Ne var ki, Türkiye kaderine sahip çıkabildiği zaman, tarihî yükünü, yükümlülüğünü idrak edebildiği ve harekete geçirebildiği zaman tarihin akışı değişecek, dünya tarihinin kaderi bambaşka bir veçheye ve ruha bürünecek: Dağlar zirve olacak, yüce bir ufuk olacak; ırmaklar, dereler, ağaçlar benzersiz bir umut olacak, leziz ve nefis meyveler sunacak insanlığa ve bütün varlığa.
ŞİKÂYET ETMEYİ BIRAK, BİR HİKÂYE İNŞA ETMEYE BAK…
İslâm medeniyetinin en güçlü temsilcisi Osmanlı durduruldu, dünya tarihi durdu; Balkanlar, Kafkaslar kıyıya vurdu; Türk dünyası, Arap dünyası paramparça oldu.
Batılılar, tarih yapmıyor, Asya’nın, Afrika’nın, Latin Amerika’nın tarihini yıkıyorlar, yok ediyorlar sadece, yok ettiler de zaten.
Tarihin yeniden yapılması, Türkiye’nin tarih yapacak ruhuyla donanması, insanlığın yükünü omuzlarında taşıma yükümlülüğüyle yola çıkmasıyla, Türkiye’nin hakikatle kuşanarak yeniden ve daha güçlü bir şekilde hakikat medeniyeti yolculuğuna soyunabilmesiyle mümkün…
Çin, kapitalistleşiyor, uyutuluyor ve yutulacak, tıpkı Japonya gibi.
Latin Amerika tarih oldu.
Afrika yok oldu.
Asya yoruldu.
Dünyaya yeniden ruh verecek, Asya’yı da, Afrika’yı da, Latin Amerika’yı da harekete geçirecek uzun soluklu medeniyet yolculuğunu biz sunabiliriz yeniden.
Bilkuvve bu imkâna, tarihî derinliğe, hayat memat çilesine, kültürel özgüvene biz sahibiz.
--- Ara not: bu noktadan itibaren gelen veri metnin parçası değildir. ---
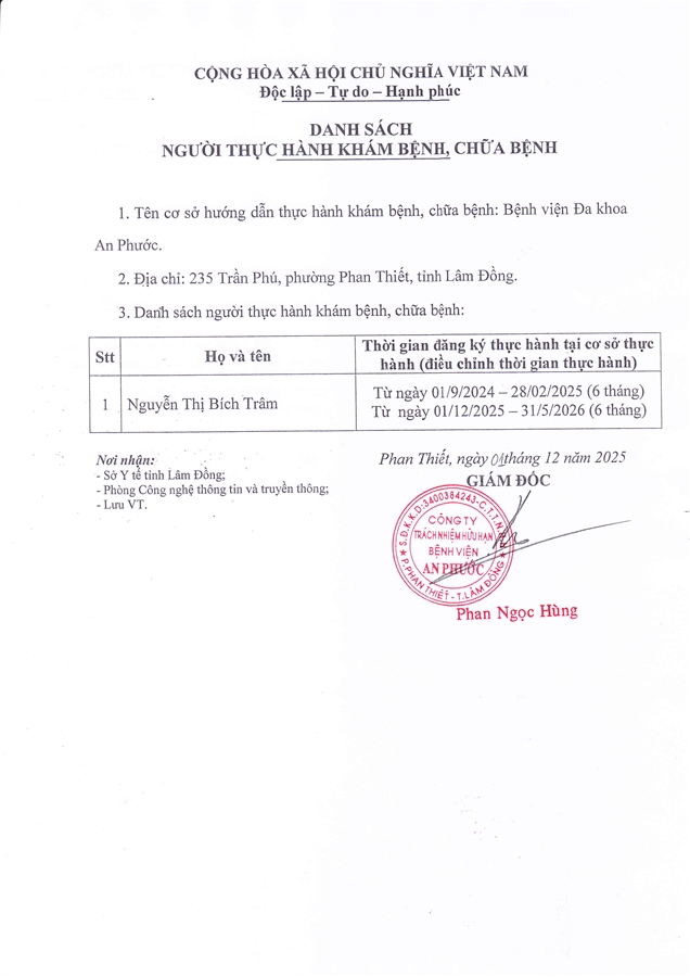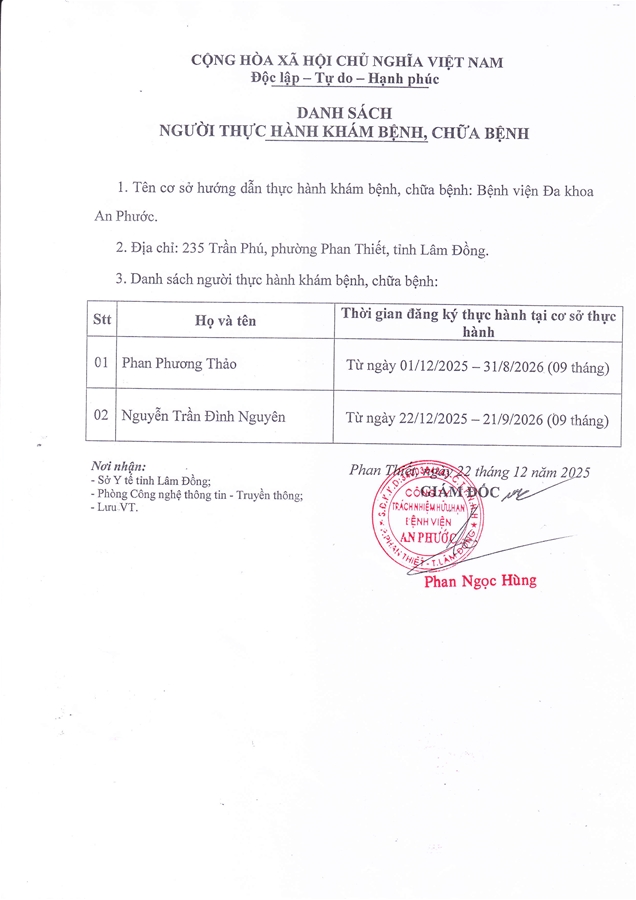 BỆNH VIỆN ĐA KHOA AN PHƯỚC Địa chỉ: 235 Trần Phú, phường Phan Thiết, tỉnh Lâm Đồng, Việt Nam Tel: (0252) 3 831.056 Hotline Chăm sóc khách hàng: (0252) 3 819 819 Fax: (0252) 3 831.057 Facebook: benhvienanphuocbinhthuan (Bệnh viện) Facebook: phongkhamanphuoclagi (Phòng khám Đa khoa An Phước - La Gi) Email: info@anphuochospital.com Copyright © 2002-2016 Bản quyền thuộc về Bệnh viện AN PHƯỚC Thiết kế bởi Tính Thành

Ama bilkuvve yani ruhen sadece.
Ama bilfiil hazır değiliz şu ân.
Hazırlanmalıyız ama.
Şikayet etmek yerine, muazzez, leziz hikâyeler inşa ederek…
Eğitimde, kültürde, sanatta, fikir hayatında derin nefes alıp “uzun yola çıkmaya hüküm giyerek”…
YENİ ŞAFAK GAZETESİ 20 EYLÜL 2021 TARİHLİ YAZISININ İKTİBASIDIR.